[[ Data extract, beginning ]]

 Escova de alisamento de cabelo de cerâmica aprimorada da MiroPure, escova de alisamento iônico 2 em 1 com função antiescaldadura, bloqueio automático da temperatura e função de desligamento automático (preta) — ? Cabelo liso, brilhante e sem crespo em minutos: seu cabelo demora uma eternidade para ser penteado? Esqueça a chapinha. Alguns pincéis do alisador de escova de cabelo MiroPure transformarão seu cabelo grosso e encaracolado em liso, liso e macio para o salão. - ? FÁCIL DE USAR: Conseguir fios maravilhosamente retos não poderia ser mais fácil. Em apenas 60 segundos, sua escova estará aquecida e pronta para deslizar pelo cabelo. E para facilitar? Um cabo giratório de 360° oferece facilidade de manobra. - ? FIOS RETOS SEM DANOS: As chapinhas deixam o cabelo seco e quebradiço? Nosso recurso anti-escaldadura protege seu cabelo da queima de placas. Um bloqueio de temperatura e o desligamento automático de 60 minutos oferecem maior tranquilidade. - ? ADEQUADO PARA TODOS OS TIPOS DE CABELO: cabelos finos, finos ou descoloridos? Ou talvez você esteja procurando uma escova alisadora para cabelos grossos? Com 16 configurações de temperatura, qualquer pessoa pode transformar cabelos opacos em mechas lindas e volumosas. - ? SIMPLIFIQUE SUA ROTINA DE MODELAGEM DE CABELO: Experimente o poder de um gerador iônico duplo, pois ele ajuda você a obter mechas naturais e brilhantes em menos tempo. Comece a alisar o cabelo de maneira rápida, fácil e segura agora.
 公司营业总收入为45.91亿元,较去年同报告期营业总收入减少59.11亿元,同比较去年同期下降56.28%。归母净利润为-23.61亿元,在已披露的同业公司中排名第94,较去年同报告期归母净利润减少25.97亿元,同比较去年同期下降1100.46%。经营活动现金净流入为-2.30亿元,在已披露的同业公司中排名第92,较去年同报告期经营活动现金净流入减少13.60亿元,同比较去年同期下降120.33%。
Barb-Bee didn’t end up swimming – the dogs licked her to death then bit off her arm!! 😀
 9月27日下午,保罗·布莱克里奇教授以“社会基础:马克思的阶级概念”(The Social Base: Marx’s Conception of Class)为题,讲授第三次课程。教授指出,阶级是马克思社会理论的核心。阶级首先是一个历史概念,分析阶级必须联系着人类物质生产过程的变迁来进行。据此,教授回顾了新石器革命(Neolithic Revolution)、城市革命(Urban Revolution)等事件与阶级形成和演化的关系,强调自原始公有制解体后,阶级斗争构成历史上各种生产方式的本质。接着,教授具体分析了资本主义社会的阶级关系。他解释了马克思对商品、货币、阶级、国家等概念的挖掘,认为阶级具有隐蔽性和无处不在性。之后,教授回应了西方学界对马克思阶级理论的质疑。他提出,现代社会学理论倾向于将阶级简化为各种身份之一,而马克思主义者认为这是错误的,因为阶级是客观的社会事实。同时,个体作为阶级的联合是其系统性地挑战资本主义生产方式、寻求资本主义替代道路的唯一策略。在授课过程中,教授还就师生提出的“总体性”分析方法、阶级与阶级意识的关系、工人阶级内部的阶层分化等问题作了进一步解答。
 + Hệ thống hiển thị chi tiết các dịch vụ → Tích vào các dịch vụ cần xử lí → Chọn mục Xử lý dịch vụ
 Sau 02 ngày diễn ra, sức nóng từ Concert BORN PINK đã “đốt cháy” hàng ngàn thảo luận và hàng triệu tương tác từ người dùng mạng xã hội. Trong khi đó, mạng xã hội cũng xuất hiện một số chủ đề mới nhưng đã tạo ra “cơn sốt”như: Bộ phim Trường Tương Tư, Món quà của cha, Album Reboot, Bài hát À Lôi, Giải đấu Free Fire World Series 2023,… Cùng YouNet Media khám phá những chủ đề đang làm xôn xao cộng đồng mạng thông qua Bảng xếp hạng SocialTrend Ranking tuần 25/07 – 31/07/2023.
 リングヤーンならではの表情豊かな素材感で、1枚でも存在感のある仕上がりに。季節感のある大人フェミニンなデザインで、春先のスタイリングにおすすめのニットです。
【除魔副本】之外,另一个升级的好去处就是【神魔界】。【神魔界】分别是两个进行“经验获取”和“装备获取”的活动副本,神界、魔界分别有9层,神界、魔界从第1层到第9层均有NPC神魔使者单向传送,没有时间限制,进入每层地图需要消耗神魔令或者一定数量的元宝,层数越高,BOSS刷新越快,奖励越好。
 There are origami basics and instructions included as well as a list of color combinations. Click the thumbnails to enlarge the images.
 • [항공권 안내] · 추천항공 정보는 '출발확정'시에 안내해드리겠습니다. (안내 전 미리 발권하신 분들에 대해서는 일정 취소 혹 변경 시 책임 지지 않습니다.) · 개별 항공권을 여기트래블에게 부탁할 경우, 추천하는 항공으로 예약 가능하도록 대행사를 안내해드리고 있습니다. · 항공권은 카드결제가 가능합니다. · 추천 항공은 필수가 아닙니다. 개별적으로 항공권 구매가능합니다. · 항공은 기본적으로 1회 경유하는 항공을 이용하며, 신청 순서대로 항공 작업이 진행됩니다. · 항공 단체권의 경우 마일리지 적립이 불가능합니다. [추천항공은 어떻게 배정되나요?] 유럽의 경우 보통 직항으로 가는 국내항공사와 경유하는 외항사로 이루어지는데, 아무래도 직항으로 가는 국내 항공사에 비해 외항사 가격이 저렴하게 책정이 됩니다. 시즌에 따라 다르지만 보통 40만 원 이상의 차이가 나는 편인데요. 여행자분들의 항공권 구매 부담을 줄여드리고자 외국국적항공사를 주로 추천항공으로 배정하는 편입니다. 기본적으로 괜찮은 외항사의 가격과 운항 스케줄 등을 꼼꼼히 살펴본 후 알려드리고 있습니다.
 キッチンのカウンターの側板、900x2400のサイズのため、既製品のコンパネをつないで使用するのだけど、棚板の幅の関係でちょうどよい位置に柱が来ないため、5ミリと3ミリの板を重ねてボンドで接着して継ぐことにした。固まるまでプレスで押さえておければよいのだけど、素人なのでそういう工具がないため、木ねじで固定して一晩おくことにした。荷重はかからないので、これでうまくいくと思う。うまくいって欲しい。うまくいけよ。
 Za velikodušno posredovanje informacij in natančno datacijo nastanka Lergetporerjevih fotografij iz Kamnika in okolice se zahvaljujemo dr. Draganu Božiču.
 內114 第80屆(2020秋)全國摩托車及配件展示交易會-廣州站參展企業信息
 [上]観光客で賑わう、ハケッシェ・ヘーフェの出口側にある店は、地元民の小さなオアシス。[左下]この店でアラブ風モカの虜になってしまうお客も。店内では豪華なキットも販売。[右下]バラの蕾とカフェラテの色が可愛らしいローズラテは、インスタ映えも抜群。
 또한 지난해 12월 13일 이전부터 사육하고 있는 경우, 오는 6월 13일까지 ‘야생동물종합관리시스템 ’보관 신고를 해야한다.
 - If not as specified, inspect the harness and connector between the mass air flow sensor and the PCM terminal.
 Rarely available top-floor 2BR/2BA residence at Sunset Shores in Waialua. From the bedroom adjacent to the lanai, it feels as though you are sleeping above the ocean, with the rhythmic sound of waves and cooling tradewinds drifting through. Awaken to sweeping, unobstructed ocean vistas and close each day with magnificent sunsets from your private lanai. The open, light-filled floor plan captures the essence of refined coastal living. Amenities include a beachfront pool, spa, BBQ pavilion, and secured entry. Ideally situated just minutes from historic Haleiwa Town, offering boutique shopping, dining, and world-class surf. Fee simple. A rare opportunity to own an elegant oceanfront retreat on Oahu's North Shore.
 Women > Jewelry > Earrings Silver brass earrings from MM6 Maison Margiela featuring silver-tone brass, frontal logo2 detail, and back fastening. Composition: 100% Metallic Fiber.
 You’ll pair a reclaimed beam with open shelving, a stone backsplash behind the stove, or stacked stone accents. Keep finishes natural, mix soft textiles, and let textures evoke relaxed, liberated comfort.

[[ Data extract, end ]]

> [Your assignment]: Go through the entries and return each line where the word "from" appears.

> [Response to the exercise]:
 Rarely available top-floor 2BR/2BA residence at Sunset Shores in Waialua. From the bedroom adjacent to the lanai, it feels as though you are sleeping above the ocean, with the rhythmic sound of waves and cooling tradewinds drifting through. Awaken to sweeping, unobstructed ocean vistas and close each day with magnificent sunsets from your private lanai. The open, light-filled floor plan captures the essence of refined coastal living. Amenities include a beachfront pool, spa, BBQ pavilion, and secured entry. Ideally situated just minutes from historic Haleiwa Town, offering boutique shopping, dining, and world-class surf. Fee simple. A rare opportunity to own an elegant oceanfront retreat on Oahu's North Shore.
 Women > Jewelry > Earrings Silver brass earrings from MM6 Maison Margiela featuring silver-tone brass, frontal logo2 detail, and back fastening. Composition: 100% Metallic Fiber.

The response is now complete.